La nonna sa per esperienza che il tentativo di zittire il nipote produrrebbe l’effetto contrario e improvvisa una definizione basata sull’assonanza: «Significa colazione». «E precoce cosa vuol dire?». Qui la nonna va sul sicuro: «Precoce significa troppo presto». Il piccolo Bruno sospetta che non gliela contino giusta: «E tu come fai a capire quando questa eiaculazione arriva troppo presto?». La nonna cerca soccorso nella figura: «Non vedi il disegno? Quei due fiammiferi sono ancora a letto; è evidente che a quello di sinistra hanno portato la colazione troppo presto e lui ha preso fuoco».
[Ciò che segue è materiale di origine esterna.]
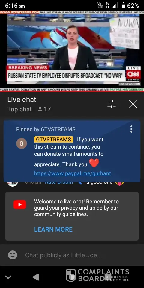 Everything YouTube acts and removes the content for breaching Warner Bros copyright another stream pops up, this content provides not only CNN live streaming but links to PayPal and Twitch as YouTube doesn't monetize this channel!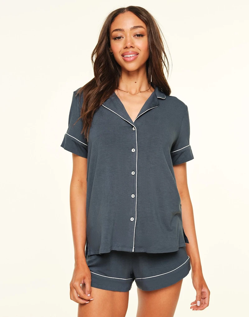 The Jane short sleeve and short PJ set is a bestseller for a reason! Made from our ultra-soft jersey fabric, this set is as comfortable as it is cute. The notched collar and contrast piping details add a feminine touch, while the matching shorts keep it casual and relaxed. This set is perfect for a cozy night in. (Available sizes in XS-XL.)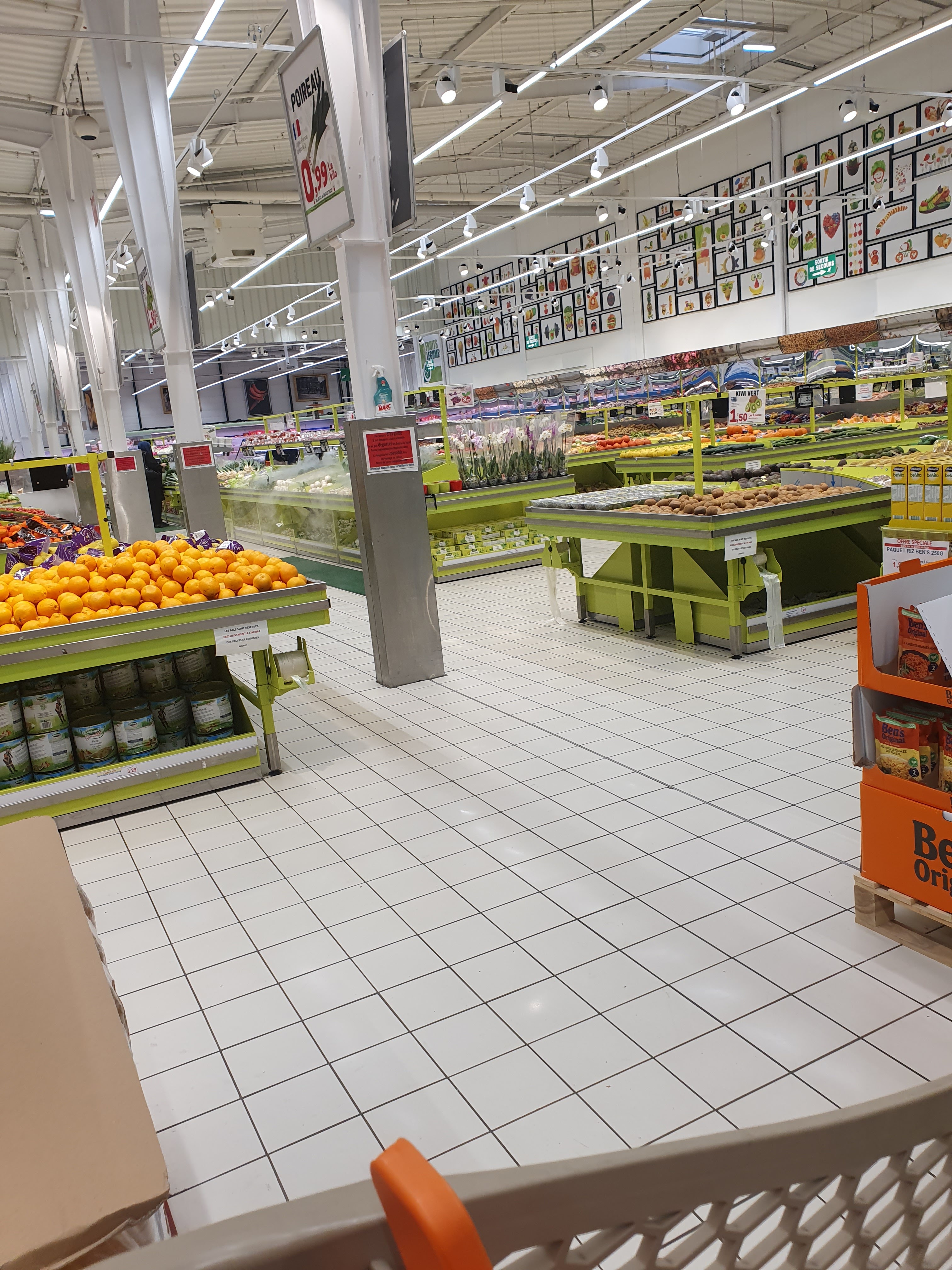 Très beau et grand magasin Un énorme choix de fruits et légumes Une très grande variété d'aliments et de boissons Ainsi que de produits ménagés et autre. Tout ça avec un rapport qualité prix très intéressant. Je recommande vivement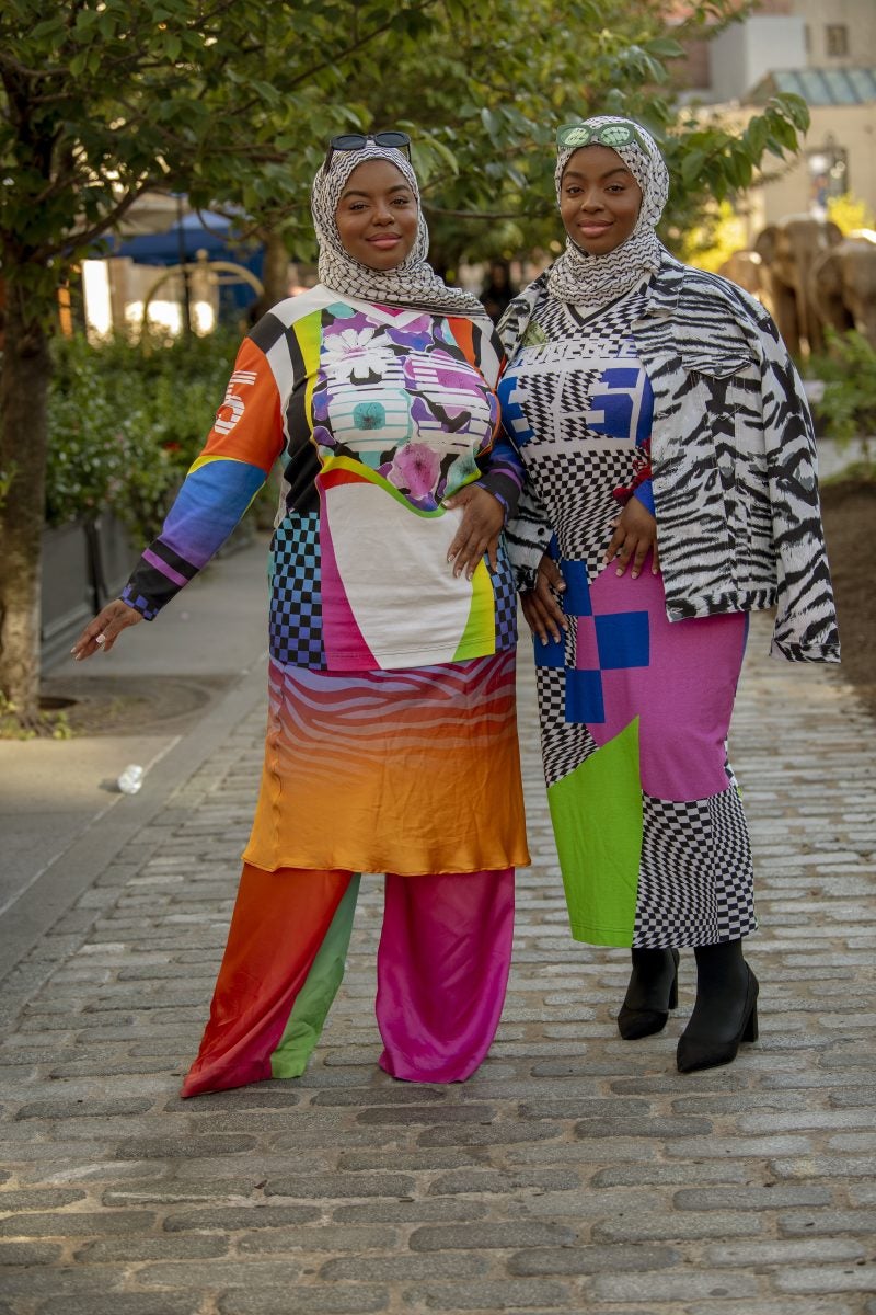 Lots of BruceGlen prints and patterns made an appearance on the stylish streets of New York. One attendee stood out in a pair of wide-legged ombre effect pants featuring a slew of vibrant colors. Another guest wore a matching vibrant set with rainbow color blocking throughout. Additionally, some attendees mixed their patterns by layering a zebra print dress over colorful pants, pairing it with a zebra print jacket over a graphic printed maxi dress, complete with pops of pink and green. Another eye-catching ensemble featured a pink and yellow polka dot shirt and maxi skirt paired with a floral print blue and orange jacket. The look was rounded off with a unique-shaped pink hat and a pink and orange handbag, creating a cohesive, bold look. If you’re looking for inspiration on adding color to your wardrobe, keep scrolling.

La logica esige rispetto: «Se ha preso fuoco significa che non gli è arrivata una colazione precoce, ma se mai troppo calda». L’autobus con la fiancata occupata dalla pubblicità progresso nel frattempo è ripartito ma la nostra piccola carogna ha memorizzato la scritta: «Sotto eiaculazione precoce c’era scritto parlane al tuo medico. Perché il nostro medico dovrebbe sapere come a casa nostra facciamo eiaculazione?». «Ai medici bisogna sempre dire tutto se si vuole guarire». «Perché, fare eiaculazione troppo presto è forse una malattia? Perché il dottore, quando mi visita, non mi domanda mai come va con l’eiaculazione?». Il nostro tram si ostina a non passare, sotto la pensilina s’è radunata una discreta folla; nessuno perde una sillaba del dialogo fra i due.
La nonna prende l’unica decisione possibile: «Il nostro tram non passa più, si è fatto tardi, torniamo a casa». Bruno è d’accordo: «Sì. Dirò alla mia mamma che d’ora in poi anch’io alla domenica voglio avere un’eiaculazione precoce».